Wyszukiwanie

Wpisz co najmniej 3 znaki i wciśnij lupę
Reklama
Polska

Żurek mówi o „państwie policyjnym”. Odpowiedź poszkodowanego przez sądy: Boicie się odpowiedzialności dyscyplinarnej!

Gorąca dyskusja toczyła się wczoraj w programie \"Studio Polska\" na antenie TVP Info. Tematem była m.in. reforma wymiaru sprawiedliwości. W rozmowie uczestniczyli m.in. rzecznik prasowy KRS, sędzia Waldemar Żurek oraz Marek Kubala – jedna z osób poszkodowanych przez wymiar sprawiedliwości w Polsce.

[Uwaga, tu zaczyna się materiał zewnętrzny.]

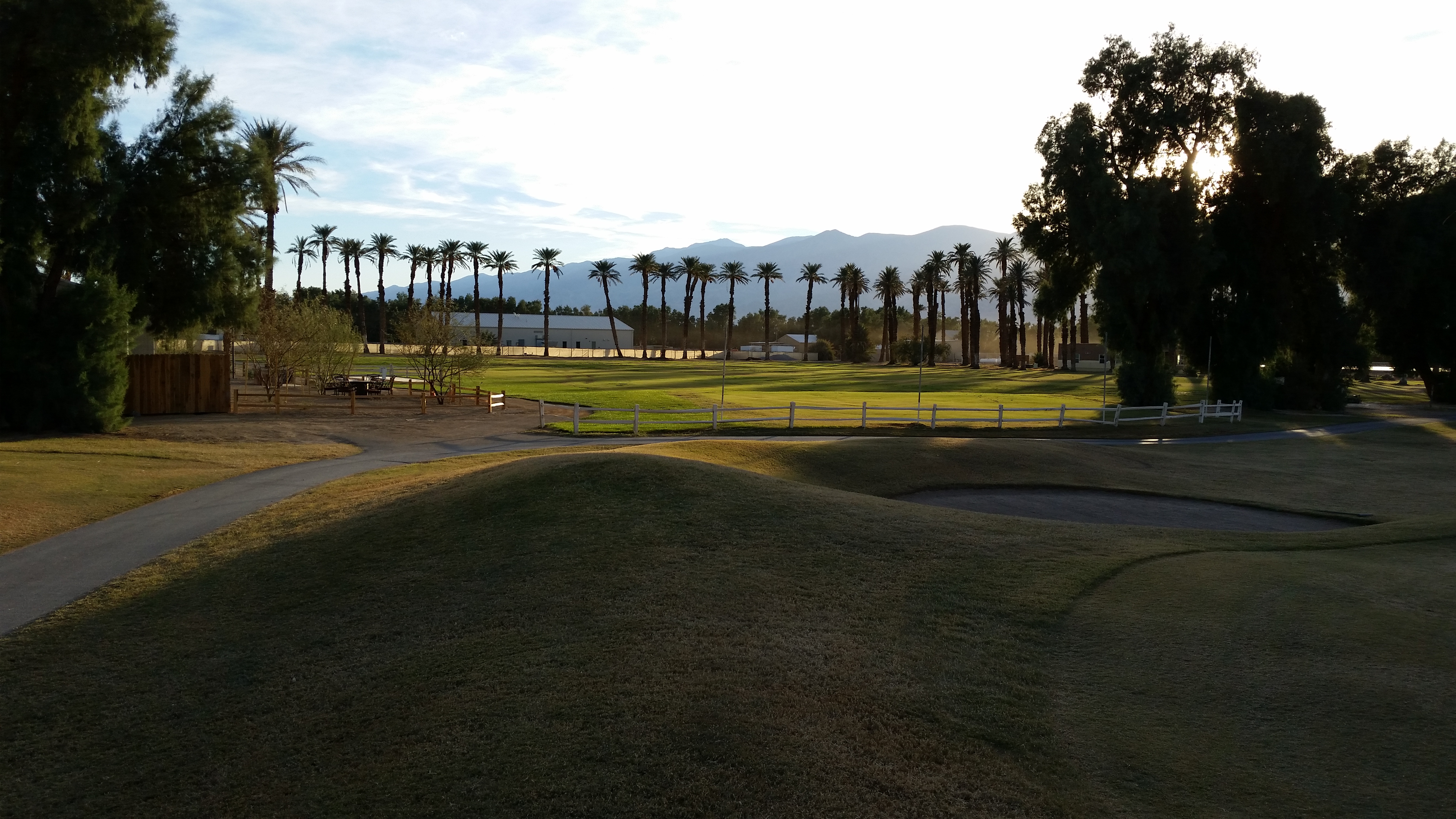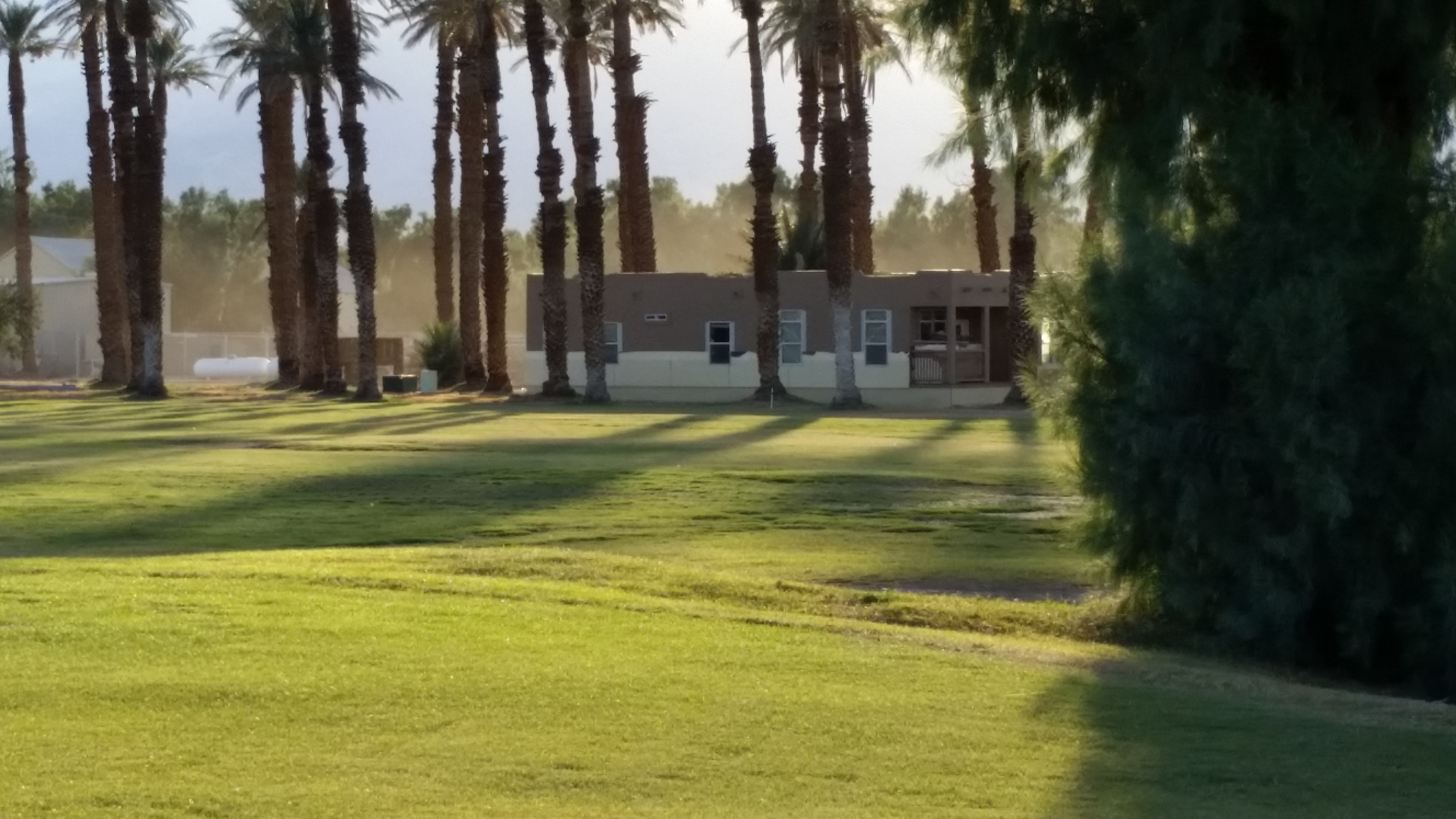 Left half of driving range. Building to the left (replacing the gravel parking area) is the Date Grove Diner.

Marek Kubala stracił dorobek swojego życia poprzez złą decyzję urzędnika. Przez 11 lat walczył o uniewinnienie, a przez kolejne pięć - o odszkodowanie za poniesione straty – zarówno zdrowotne, moralne, jak i finansowe.

Reklama

W 1987 roku rozpoczęła się moja droga w dorobku własnej działalności gospodarczej . W 1999 roku podjąłem decyzję życia, za którą zapłaciłem teraz wysoką cenę . Zostałem Autoryzowanym Dealerem Seata, podjąłem wielkie inwestycje i zobowiązania finansowe. Wszystko straciłem w jeden dzień 13.12.2000 r, kiedy o 6:00 rano organy ścigania dokonały napaści na moje życie, na moją rodzinę. Wystarczyło niespełna trzy miesiące wielkiej nagonki medialnej ze strony prokuratury na mnie, abym stracił wszystko 

– wyjaśniał niegdyś Kubala.

Uczestniczył on w obradach sejmowej komisji sprawiedliwości i praw człowieka, które odbyły się w tym tygodniu. Był tam też sędzia Waldemar Żurek, rzecznik prasowy KRS, zagorzały przeciwnik reformy polskiego wymiaru sprawiedliwości. 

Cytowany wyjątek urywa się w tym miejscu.